From: Ruszlan Gaszanov (email@example.com)
Date: Fri Nov 07 2008 - 06:19:24 CST
I grew up in Hungary and I've never seen any contemporary use of rovásírás. The scholars, as far as I know, prefer LTR directionality. But than again, my information is only based on my personal experience which might be limited and somewhat outdated.
In any case, as I mentioned earlier, the problem of glyph mirroring when inversing default text direction does not only concern rovásírás and Old Italic, but a number Phoenician-derived scripts (with both LTR and RTL default directionality), so I think the bi-di algorithm needs to be seriously revised to accommodate for this.
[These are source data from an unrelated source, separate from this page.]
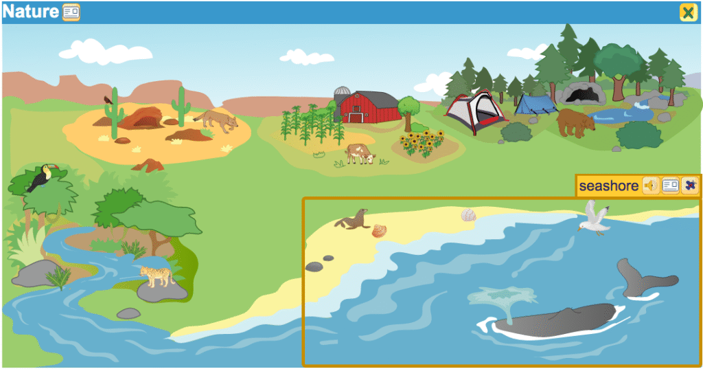 When mousing over images in a setting, the child will find that some highlighted images have airplane icons and others do not. The airplane indicates that the image represents not only a word but a setting—the Tidepool, for example, in the Seashore setting. The child can enter the setting by clicking on the airplane icon or by clicking within the highlighting box surrounding the image.
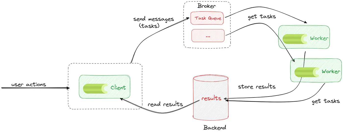 可以看到下图中,图片来源Unlocking Scalable Task Processing with Celery, Google Cloud Pub/Sub, and Google Cloud Storage: Part 2,Celery的Broker是支持RabbitMQ和Redis的,用来接收客户端发来的任务请求,并将这些待运行任务存储到任务队列里面。和我们之前手动使用数据库的方式不同,使用队列存储待运行任务的方案会更加灵活,方便后续对任务进行优先级调度。Celery的Worker则通过Pull的方式从Broker中获取待运行的任务,并将最终结果存储到Backend里面,而Backend一般常用的也是RabbitMQ和Redis,当然如果有持久化的需求,就得上MySQL或者PostgreSQL之类的数据库存储。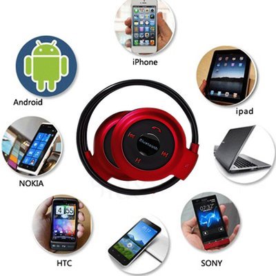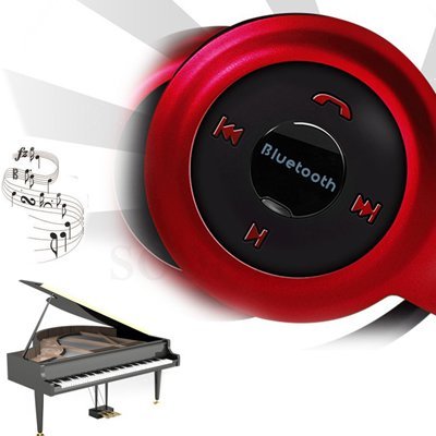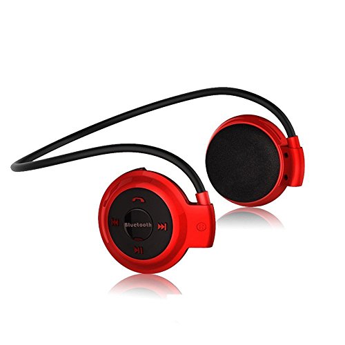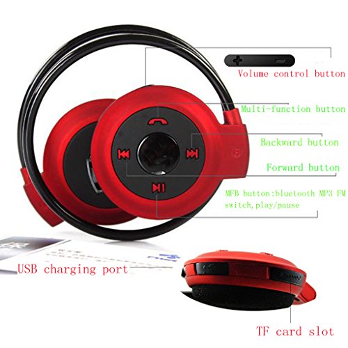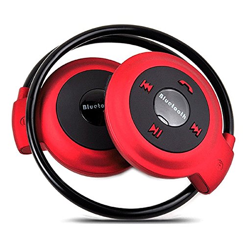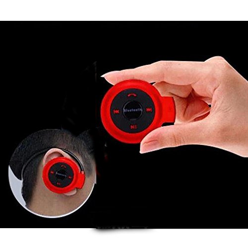 TopePop Universal Sports Stereo Wireless Bluetooth Headset Earpiece Earphones Music Earbuds Built-in Microphone Mp3 Fm for Android Ios Cellphone Smartphone (Red)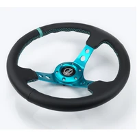 NRG Reinforce Steering Wheel (350mm / 3in. Deep) Blk Leather, Teal Center Mark w/ Teal Stitching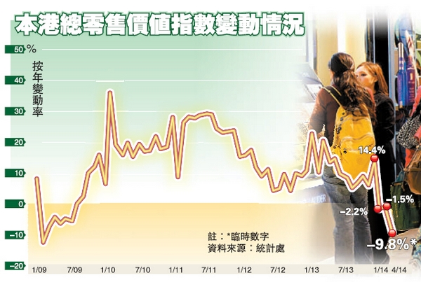 日前港府传出声音指正研究削减内地自由行来港人数引发社会热议;特首梁振英曾称,希望4月零售销售数据公布後,市民可进一步讨论限制自由行人数对香港的影响——最新公布的零售数据显示,本港4月份零售销售货值仅388亿元,按年下跌9.8%,创2009年2月以来最大跌幅,并已连跌3个月;零售销货量亦下跌9.5%,同样远逊市场预期。分析人士称,本港零售销售将持续录得负增长;有业界人士则指,本港零售业陷入低迷之际,政府不应考虑削减自由行。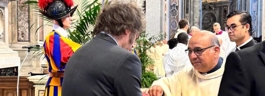 Si el primer día de su mandato como presidente de Argentina Javier Milei dejó clara su cercanía con el judaísmo –ratificada hace unos días durante su visita a Israel–, un gesto ha desconcertado del mandatario durante la misa de canonización de María Antonia de San José, ‘Mama Antula’. Y es que Javier Milei y su hermana Karina recibieron la comunión llegado el momento.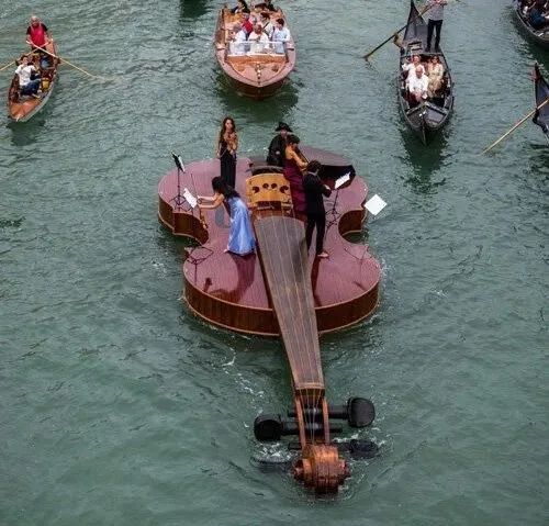 你见过在水上航行的小提琴吗?一把巨大的小提琴,穿越在威尼斯的水道中,整座水城都惊呆了!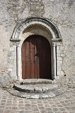 In den Giebel der ansonsten schmucklosen Westfassade sind zwei Rundbogenfenster eingeschnitten. Das Westportal wird ins 12. Jahrhundert datiert. Es ist von Archivolten umgeben und wird von zwei Säulen gerahmt, die mit Volutenkapitellen verziert sind. Auf dem linken Kapitell ist eine Figur mit erhobenen Armen dargestellt, auf dem rechten Kapitell sind Fratzen zu erkennen.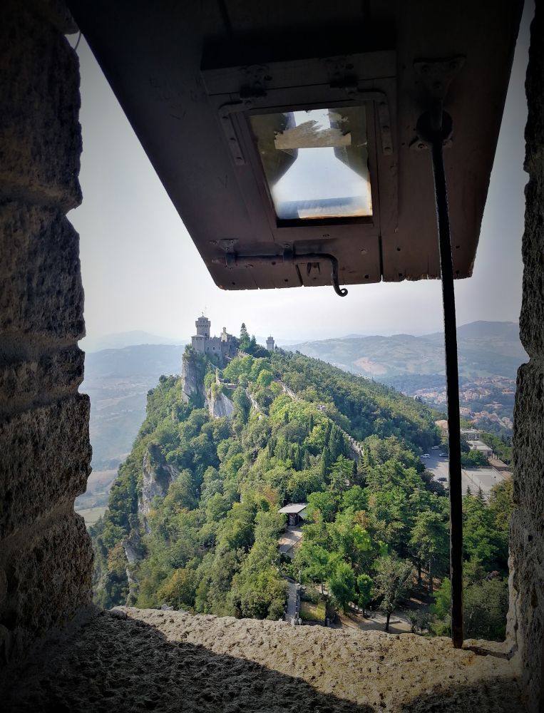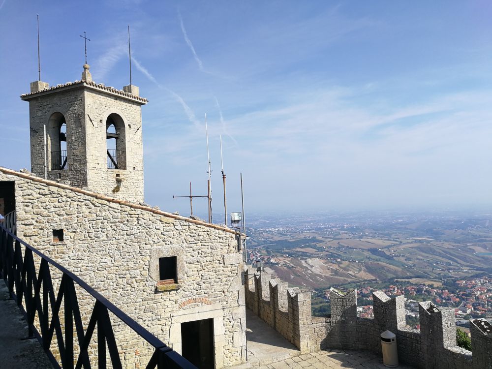 Guaita堡垒是Monte Titano建造的三座塔中最古老的,也是最著名的。 它是一个带有锯齿状围墙并包含了一座了望塔的小要塞, 建于11世纪,曾用于监狱。它是国旗和徽章上描绘的三座塔楼之一, 于2008年被注册为世界遗产。

From: André Szabolcs Szelp [mailto:firstname.lastname@example.org]
Sent: Friday, November 07, 2008 9:40 AM
To: Ruszlan Gaszanov
Cc: unicode Unicode Discussion
Subject: Re: Question about the directionality of "Old Hungarian" (document N3531)
No, it's written RTL 99% of the time, maybe 1% LTR. Sorry, your
information is flawed.
In that it differs from Old Italic. Also, Old Italic (and Hieroglyphs)
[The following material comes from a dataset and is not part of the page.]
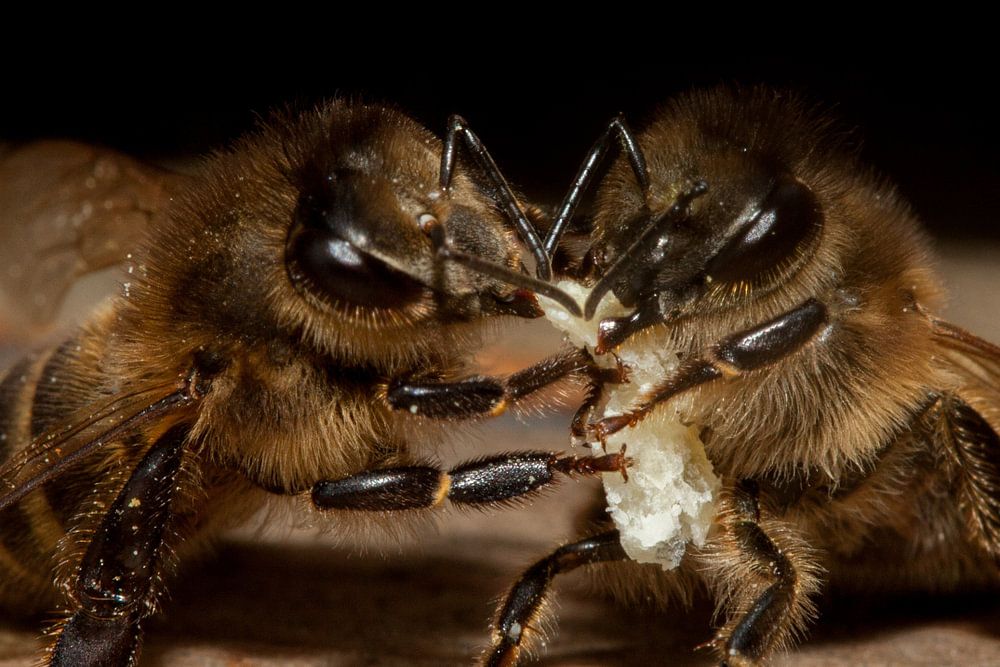 Two honey bees fighting over piece of wax by Joost Adriaanse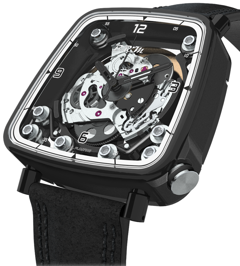 B.R.M. Watches FF39-40 Black Titanium FF39-40-TN-LFN-N. Full Floating, a movement in total, freefall like suspension. The watch manufacture with a sporty DNA has reinterpreted two fundamentals of the mechanical world: silentblocs and belts. In addition to their fine aesthetics, these innovations make the FF39-40 the first automatic watch protected against both vertical and horizontal shocks. The concept is all in the name: FF, for Full Floating. Five ribbed silentblocs, each 1.2 mm thick, and two belts of 1 mm toroid radius, their nitrile formed in molds specially developed at our workshops work together to snuff out all vibrations and protect the watch’s engine-like core: the floating movement. A self-supporting casing ring of hard-anodized Fortal HR enables the five silentblocs to hold the plane vertically. The stainless-steel BTR micro-screws, all machined by material removal, serve to compress a micro-fine carbon strut bar of 0.5 mm, limiting the cage’s lateral displacement within the case. Meanwhile, two belts provide horizontal stability for the automatic movement, itself secured with self-centering, screwed-down braces. The bearing, pressed into a bronze shaft, is screwed into the rotor, to keep the overall structure concentric. The movement’s bored and equilibrated cylinder, with its constant and secure motion control, optimizes the force of the spring, and guarantees a power reserve of approximately 38 hours. The bored, equilibrated, and decorative ratchet offers a superb look of the movement when viewed from directly above. The balance, machined from a bar of Fortal HR and eloxated, is dynamically equilibrated in the 6 positions, for perfect chronometry. All the features above, together with the functional complications within, constitute an ingenious system that seems to render the movement weightless, and make the FF39-40 into a chronometric UFO of highly mechanical aspect.

are actually dead scripts used by scholars only. Old Hungarian is used
2008/11/5 Ruszlan Gaszanov <email@example.com>:
>> L4. A character is depicted by a mirrored glyph if and only if
>> (a) the resolved directionality of that character is R, and
>> (b) the Bidi_Mirrored property value of that character is true.
>> The Bidi_Mirrored property is defined by Section 4.7, Bidi
>> Mirrored-Normative of [Unicode]; the property values are specified in
>> This rule can be overridden in certain cases; see HL6.
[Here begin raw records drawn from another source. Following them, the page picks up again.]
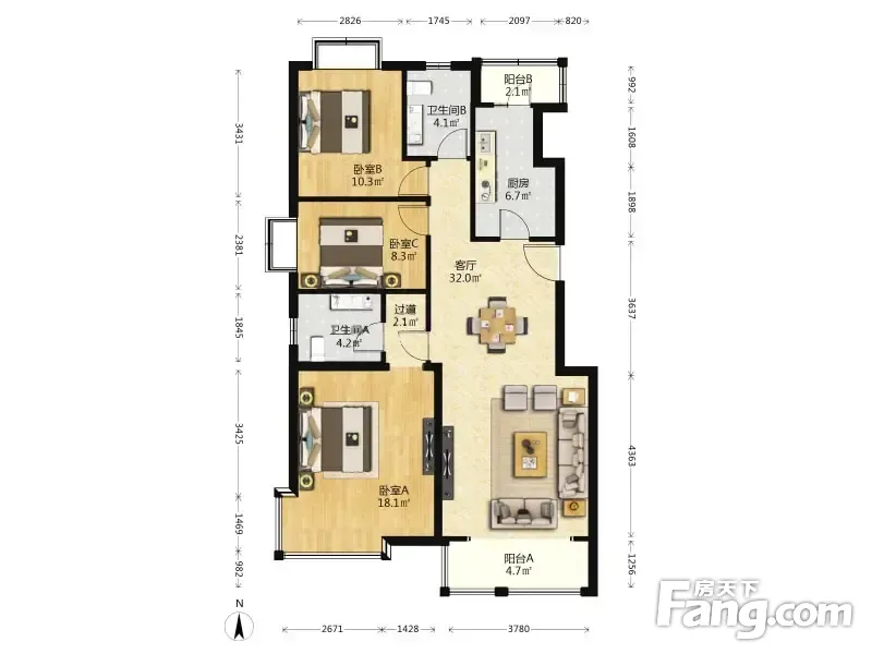 上海沙龙 3室1厅 南 北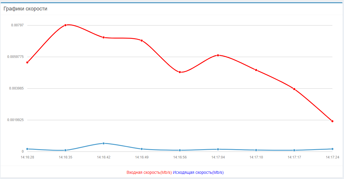 Показывает график трафика на порту в реальном времени (Mb/s), к которому подключен пользователь. Информация снимается по SNMP.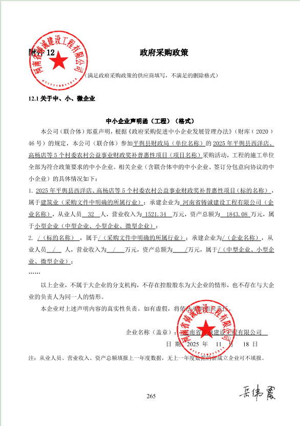 平舆县财政局2025年平舆县西洋店、高杨店等5个村委农村公益事业财政奖补普惠性项目-成交公告

> From this point of view, would not it be more practical (for
> implementation's sake) to have the default directionality for Rovas set to L
> and override it with RTL overrides when desired? Especially considering that
> it is written LTR practically as often as RTL? At least, this way,
> implementations already developed for Old Italic and Egyptian Hieroglyphics
> could be simply extended to Rovas.